Highlights & Insights¶
- Force-directed hierarchical optimization is the core innovation: framing scene layout optimization as a physical force equilibrium problem is both intuitive and efficient. The deadlock detection and avoidance mechanism further enhances robustness.
- Editing support is a critical step toward practical utility: most scene generation works focus solely on generation from scratch; HOG-Layout's add/delete/move editing capabilities bring it closer to real-world usage.
- Group-based generation strategy is worth borrowing: progressive generation by functional zone, where each group's top-down view serves as context for the next, ensures spatial consistency.
Limitations & Future Work¶
- Object retrieval relies on existing 3D asset libraries (3D-FUTURE, Objaverse) and cannot generate objects absent from the database.
- Force-directed optimization may converge to local optima; the deadlock avoidance strategy is heuristic.
- Only indoor scenes are supported; applicability to outdoor or large-scale scenes is unverified.
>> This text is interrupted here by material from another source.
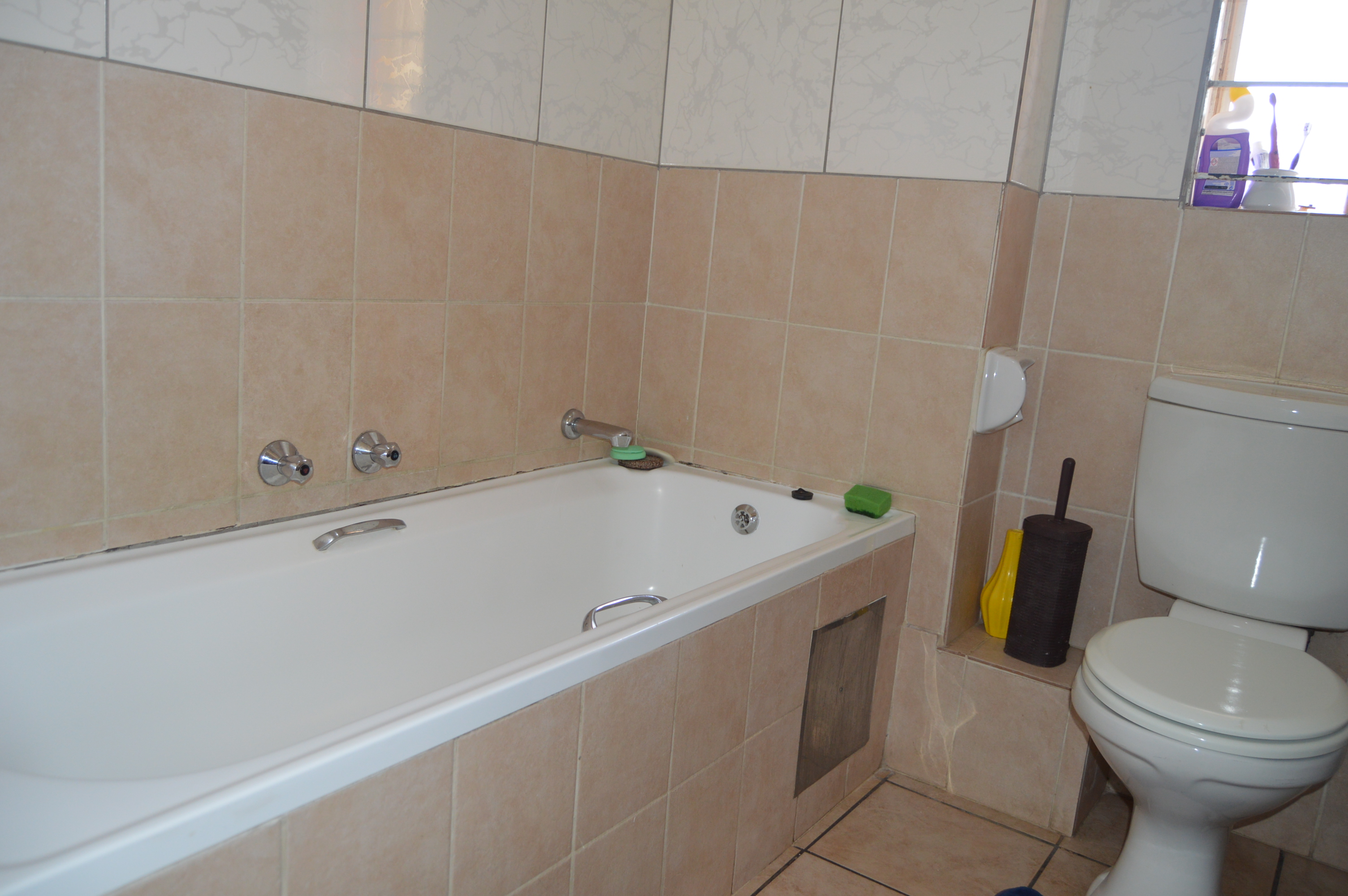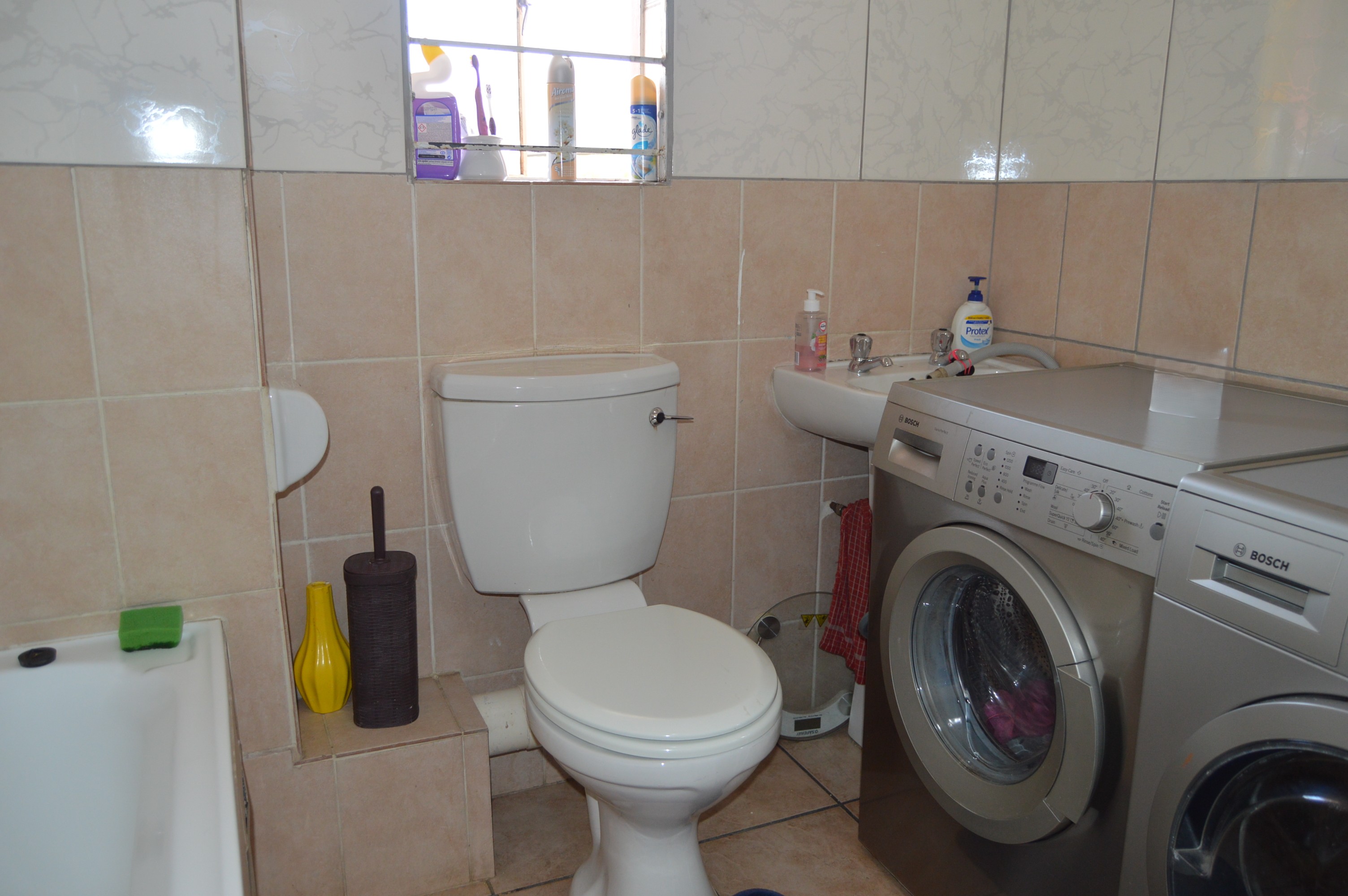 Second bathroom features a bath, basin, and toilet

- Editing operations are relatively basic (add/delete/move); more complex semantic edits (e.g., "make the room cozier") are not supported.
Related Work & Insights¶
- vs. LayoutVLM: LayoutVLM uses gradient-based optimization, incurring high computational cost (322s) and requiring predefined object sets. HOG-Layout's force-directed optimization is 4.5× faster and supports open-vocabulary inputs.
- vs. Holodeck: Holodeck uses DFS/MILP to satisfy hard constraints but neglects soft semantic constraints. HOG-Layout addresses both physical and semantic constraints simultaneously.
Rating¶
- Novelty: ⭐⭐⭐⭐ The combination of hierarchical force-directed optimization and RAG-enhanced planning is novel and effective.
- Experimental Thoroughness: ⭐⭐⭐⭐ SceneEval with 100 scenes + human evaluation + editing experiments.
- Writing Quality: ⭐⭐⭐ Multiple modules are described clearly, though some details require reference to supplementary materials.
- Value: ⭐⭐⭐⭐ The unified generation-and-editing framework offers practical value, with clear speed advantages.